# Borzoi ( and a dobie pup) snow play..



## BorzoiMom (Nov 18, 2009)

_Fun day yesterday! _
_"Guard dog and the Lamb.." lol _
_







_
_"Full Speed Ahead" for little Stella- at a little over 6 months, she really had to work with this deep snow to keep up.._
_







_
_"Having a ball! " Oh yea- pure joy this snow stuff..._
_







_
_ ( the Doberman is my step sons and here for training for a bit..) _


----------



## BorzoiMom (Nov 18, 2009)

_Continued.. 
" Race ya..." _
_







_

_







_

_"WHOA- What is That?" _
_







_
_ Thats all for now.. _


----------



## Tahla9999 (Nov 21, 2008)

Having fun in the show, how adorable. Both the Borzoi and the doberman look like prancing horses!


----------



## BorzoiMom (Nov 18, 2009)

Tahla9999 said:


> Having fun in the show, how adorable. Both the Borzoi and the doberman look like prancing horses!

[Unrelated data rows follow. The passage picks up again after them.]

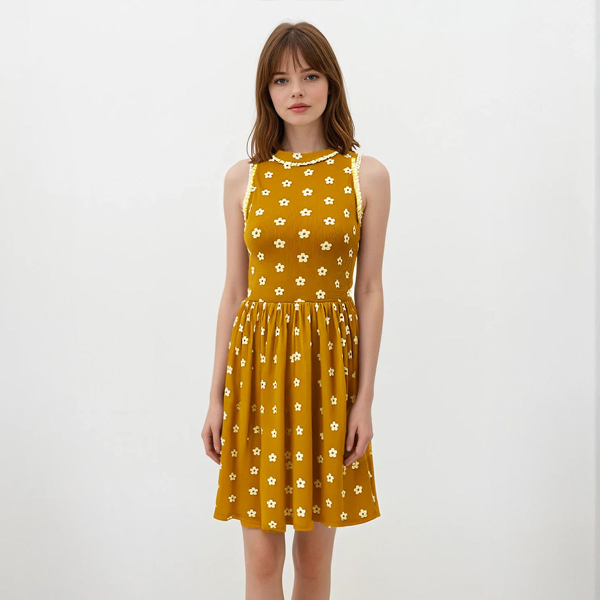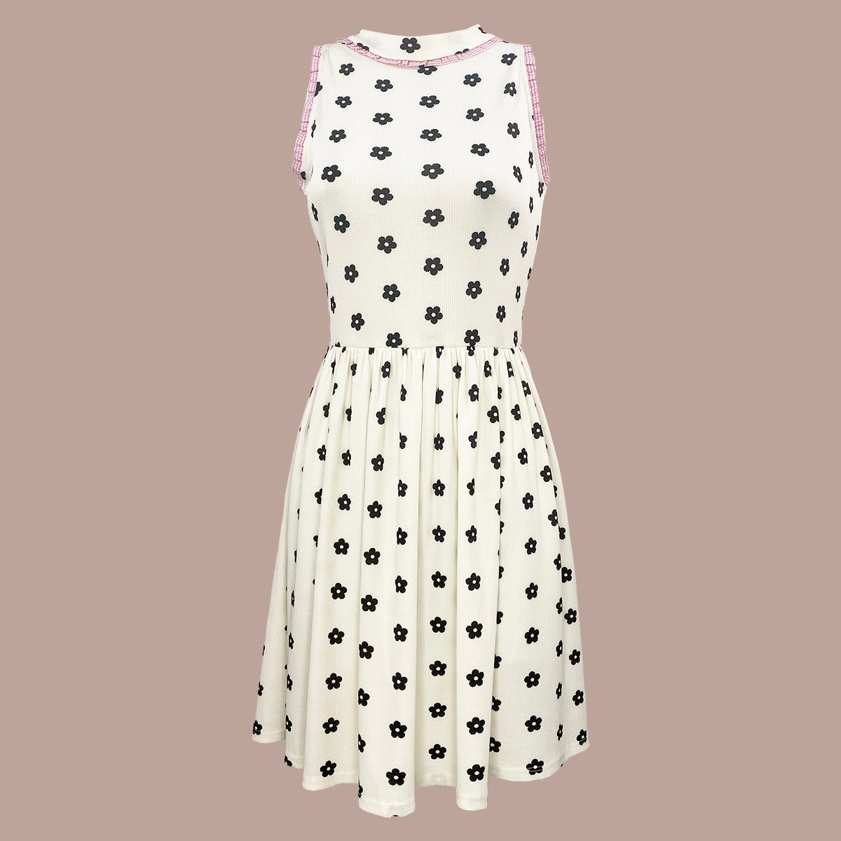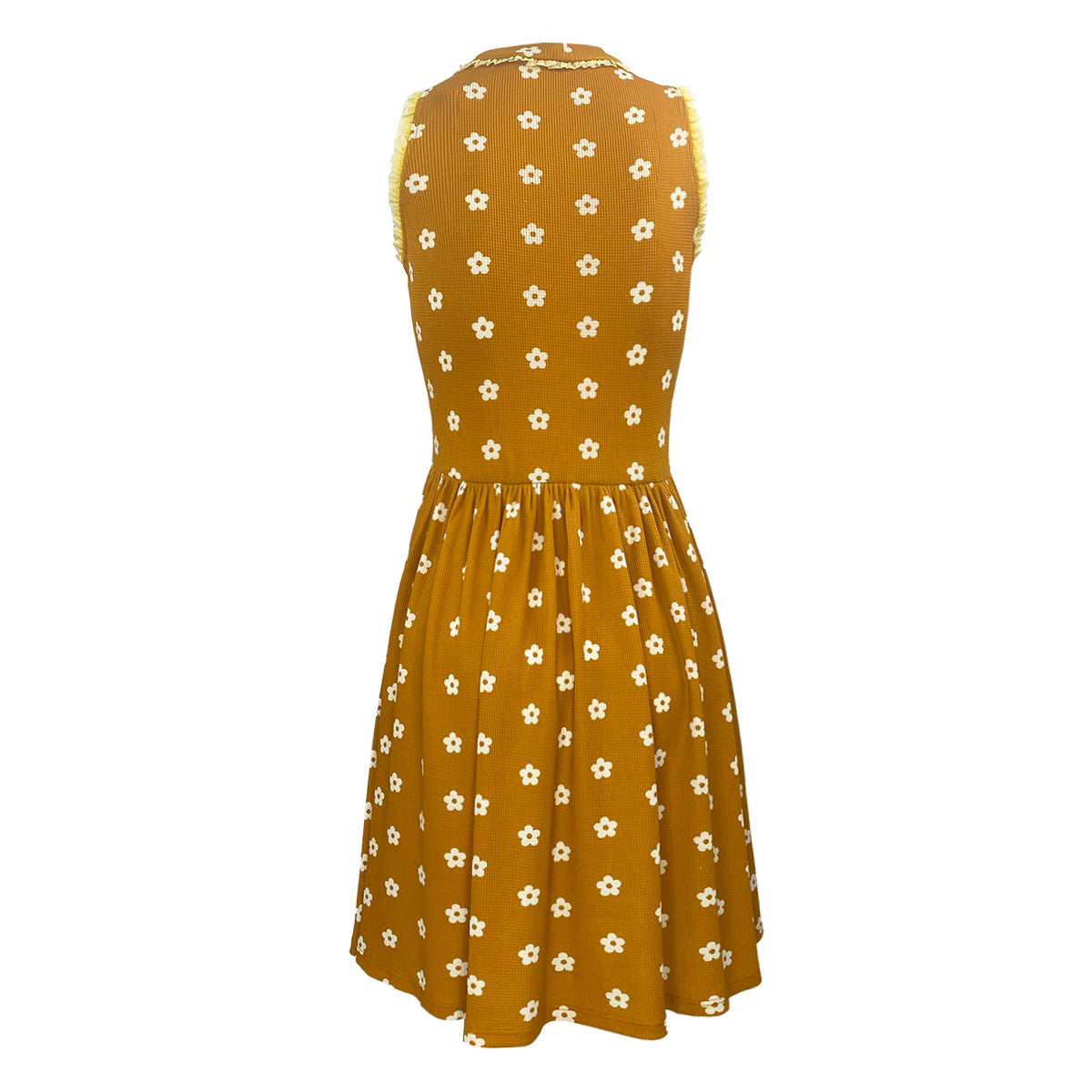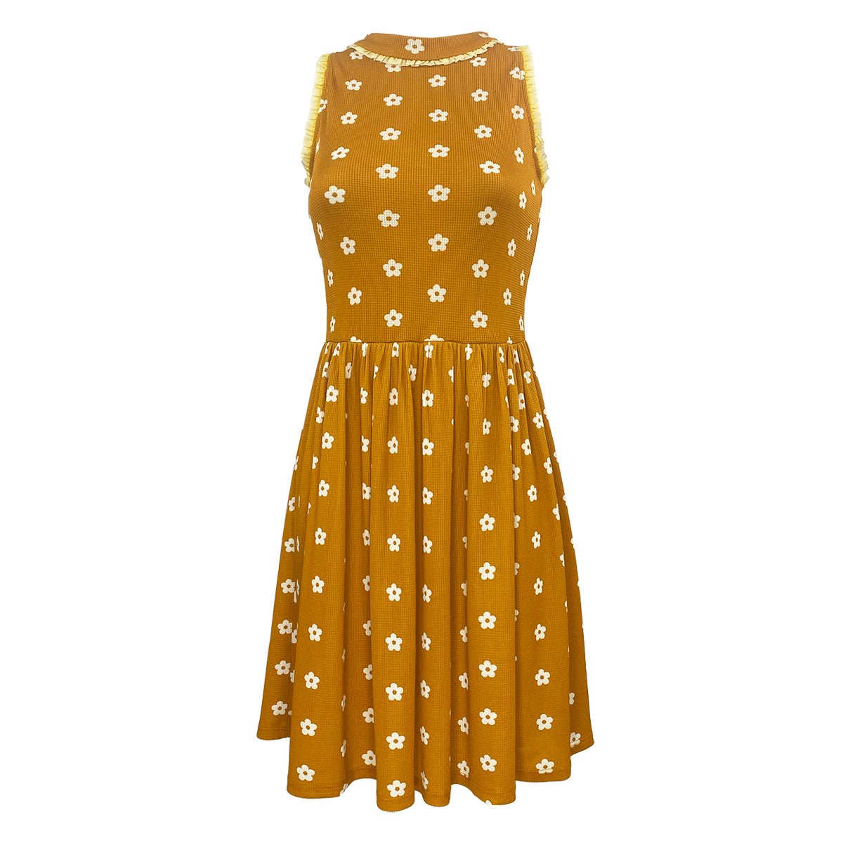 This knee-length dress features a charming sakura print on soft waffle knit fabric, offering gentle stretch for a comfortable fit. Delicate mini ruffles add a playful, kawaii touch, making it perfect for those who love cute and stylish outfits. Ideal for everyday wear or special occasions, this dress combines comfort and feminine flair effortlessly.
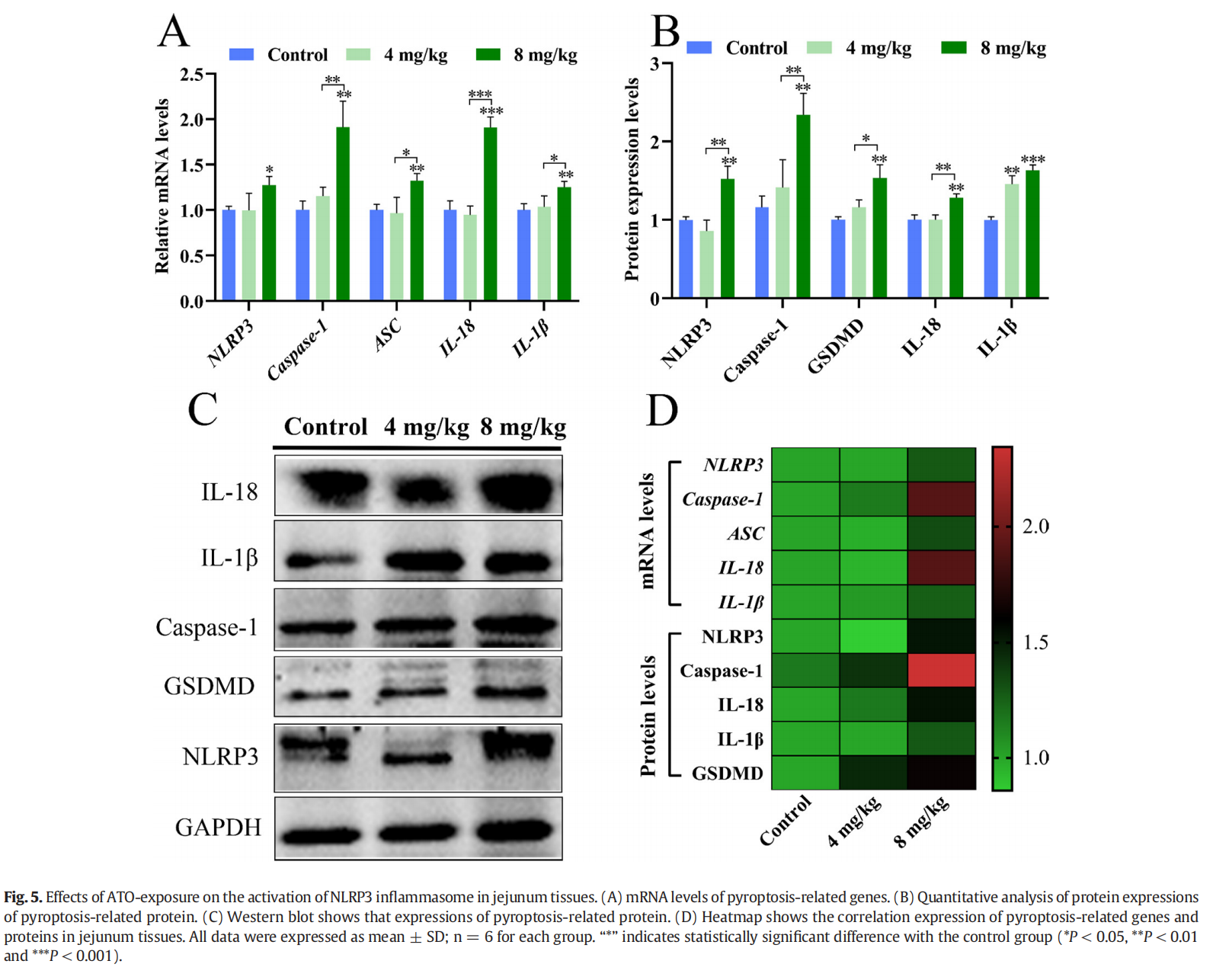 為了評估?ATO?誘導的炎癥小體激活是否與腸道損傷有關(guān),我們檢查了炎癥小體激活標志物的表達水平。從圖?5A?可以看出,NLRP3、Caspase-1、ASC、IL-1β?和?IL-18?的?mRNA?表達水平隨著(zhù)?ATO?水平的增加而升高,與對照相比,8 mg/kg ATO?組和?4 mg/kg ATO?組出現顯著(zhù)差異?(P < 0.05?或?P < 0.01?或?P < 0.001)。同時(shí),NLRP3、Caspase-1、GSDMD、IL-1β?和?IL-18?的蛋白質(zhì)濃度在?8 mg/kg ATO?組中也顯著(zhù)增加(P < 0.01?或?P < 0.001,圖?5B-C)。這些基因和蛋白質(zhì)的變化在熱圖中直觀(guān)地顯示出來(lái)(圖?5D)。這些結果表明,ATO?處理引發(fā)了鴨空腸組織中?NLRP3?炎癥小體的激活和細凋亡。
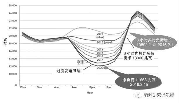 間歇性可再生能源的大量滲透,尤其是太陽(yáng)能,對(duì)加州的電力系統(tǒng)帶來(lái)了很大的挑戰(zhàn)。下圖是加州批發(fā)電力市場(chǎng)運(yùn)營(yíng)系統(tǒng)CAISO從2012年到2020年實(shí)際和預(yù)測(cè)的在某一日的凈負(fù)荷變化。由于太陽(yáng)能在白天的出力迅速增加,在中午12時(shí)~下午3時(shí)系統(tǒng)的凈負(fù)荷變得很低,這時(shí)系統(tǒng)面臨非常大的出力過(guò)多風(fēng)險(xiǎn)。但在下午3時(shí)~7時(shí)左右,因?yàn)樘?yáng)能的出力迅速降低,系統(tǒng)凈負(fù)荷迅速增長(zhǎng),系統(tǒng)又面臨沒(méi)有足夠的資源來(lái)滿(mǎn)足出力增長(zhǎng)的需求。凈負(fù)荷在一天之內(nèi)這樣大幅度變化充分說(shuō)明加州需要有非常靈活的資源來(lái)及時(shí)的應(yīng)對(duì)風(fēng)電和太陽(yáng)能帶來(lái)的變化。

 More like stampeding running horses...


----------



## BeauShel (May 20, 2007)

I love the pictures and expressions on their faces. Your borzoi are just gorgeous.


----------



## BorzoiMom (Nov 18, 2009)

Awwwwww Thank you.


----------



## Lisa_and_Willow. (Dec 18, 2007)

Looks like they had great fun!


----------